To deliver longer context capabilities, new research from Stanford University investigates how to optimize the FFT convolution method in contemporary accelerators. The researchers believe that as advances in systems like FlashAttention led to better models and new attention algorithms, optimization of FFT convolution will lead to new and better algorithms, increasing the quality of convolutional sequence models.
FFT convolution can be easily optimized for short sequences. It is common practice to reuse kernel filters in multiple batches, allowing the FFT of the filter to be pre-calculated before reusing it. Therefore, FFT convolution is parallel between batches and filters, and core fusion allows intermediate convolution outputs to be cached in SRAM or registers.
- However, the team highlights that two major obstacles appear as the length of the sequence increases. Relative to current accelerators, FFT convolutions do not optimally use specialized matrix-matrix multiplication units.
- Second, kernel merging fails because the streams grow too large to fit in SRAM and require expensive I/O operations. Causality padding operations and conversions from real-value inputs/outputs to complex-value FFT intermediaries could further increase these I/O costs.

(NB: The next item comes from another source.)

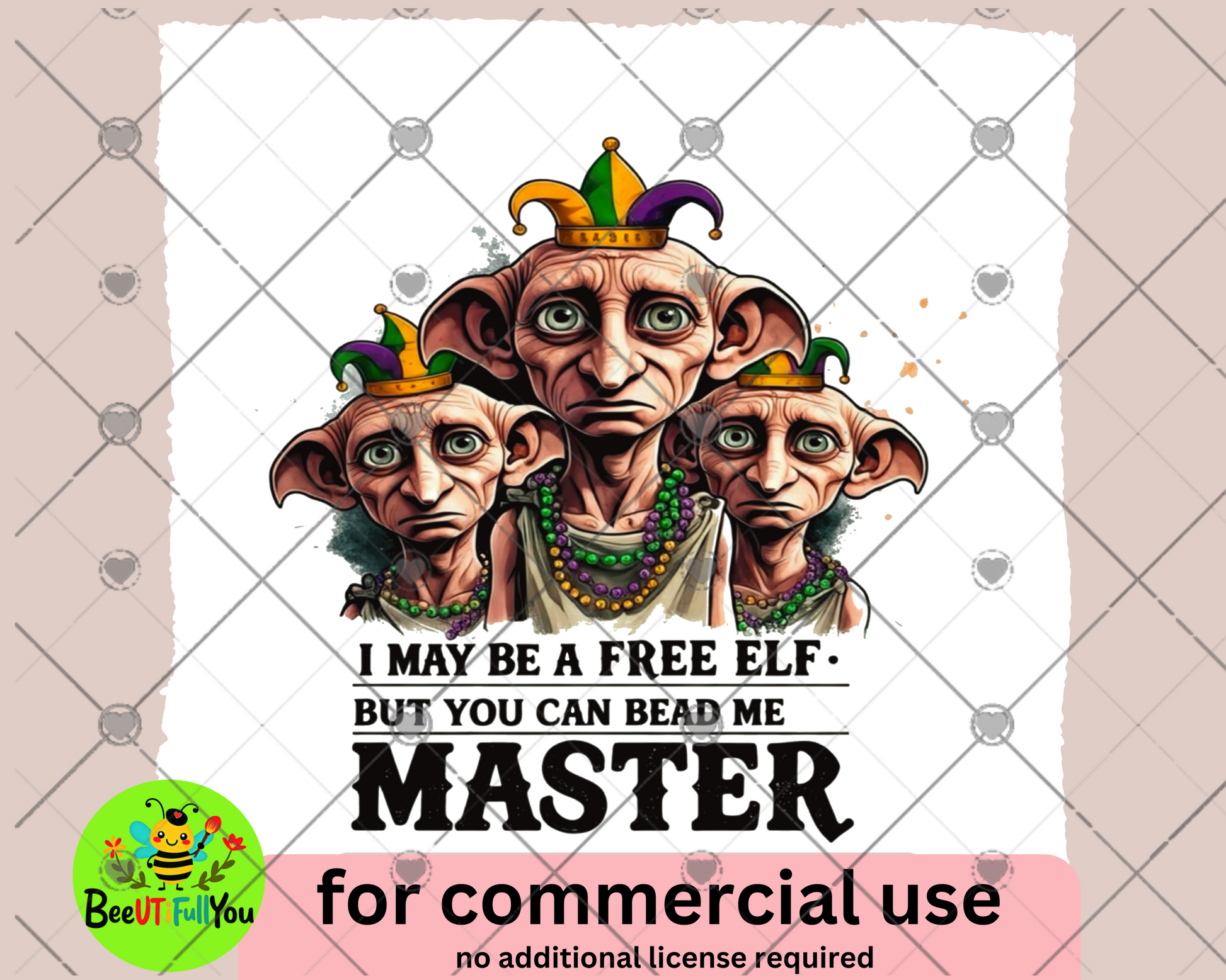 This hilarious high-resolution PNG design features a free elf celebrating Mardi Gras, perfect for adding a touch of fantasy and humor to your Carnival creations. With the funny "I may be a free elf, but you can bead me master" quote, this design is sure to be a hit! Ideal for t-shirts, mugs, decorations, and more!

In response, the researchers offer FlashFFTConv, a novel algorithm that employs a Monarch decomposition of the FFT to optimize FFT convolution for extended sequences. The FFT can be efficiently transferred to hardware thanks to a p-order Monarch decomposition, which rewrites the FFT as a series of p matrix-matrix multiplication operations. Higher p values result in less FLOP costs due to smaller arrays, but require more I/O to transmit intermediate results. Therefore, there is a trade-off involved.
The study demonstrates how to optimize p for FLOP cost and I/O cost on a GPU using a simple cost model based on sequence length. In addition to facilitating core fusion into longer sequence lengths, this decomposition reduces the amount of sequence that must be maintained in SRAM. Therefore, FlashFFTConv can easily handle sequences between 256 and 4 million characters. By using a real-value FFT algorithm and skipping parts of matrix multiplication operations when the input is zero-padded, FlashFFTConv can reduce FFT operation duration by up to half. Last but not least, the matrix view of FFT convolution provides a simple interface to implement two architectural modifications: partial convolutions, which learn with a convolution kernel that is shorter than the input sequence, and sparse frequency convolutions , which zero out sections of the FFT convolution. nucleus in frequency space. Both approaches can be implemented by simply skipping sections of the matrix decomposition, reducing memory usage and wall clock execution time, and can be considered as sparse/coarse attention convolutional parallels in Transformers.
Researchers demonstrate that FlashFFTConv accelerates FFT convolution, resulting in longer, more efficient, and better quality sequence models.
- FlashFFTConv improves the quality of convolutional sequence models through increased efficiency: for the same computing budget, FlashFFTConv allows Hyena-GPT-s to achieve 2.3 points more perplexity and allows M2-BERT-base to achieve Up to 3.3 higher average GLUE score – a performance gain equivalent to doubling model parameters.
- FlashFFTConv improves the convolution efficiency by up to 7.93 and up to 5.60 in memory savings compared to PyTorch, and this efficiency is maintained over four orders of magnitude across the sequence length. FlashFFTConv is faster in wall clock time than FlashAttention-v2 end-to-end for sequence lengths of 2K and above due to lower FLOP costs and achieves up to 62.3% end-to-end FLOP utilization, which It is only 10% less than FlashAttention. -v2.
- Longer sequence models are possible with FlashFFTConv. FlashFFTConv has produced the only model capable of completing the arena’s long Path-512 benchmark (sequence length 256K) for high-resolution image classification. FlashFFTConv is the first model to incorporate the longest human genes (up to 2.3 million base pairs) at single nucleotide resolution; extends HyenaDNA to a sequence length of 4 M using partial convolutions.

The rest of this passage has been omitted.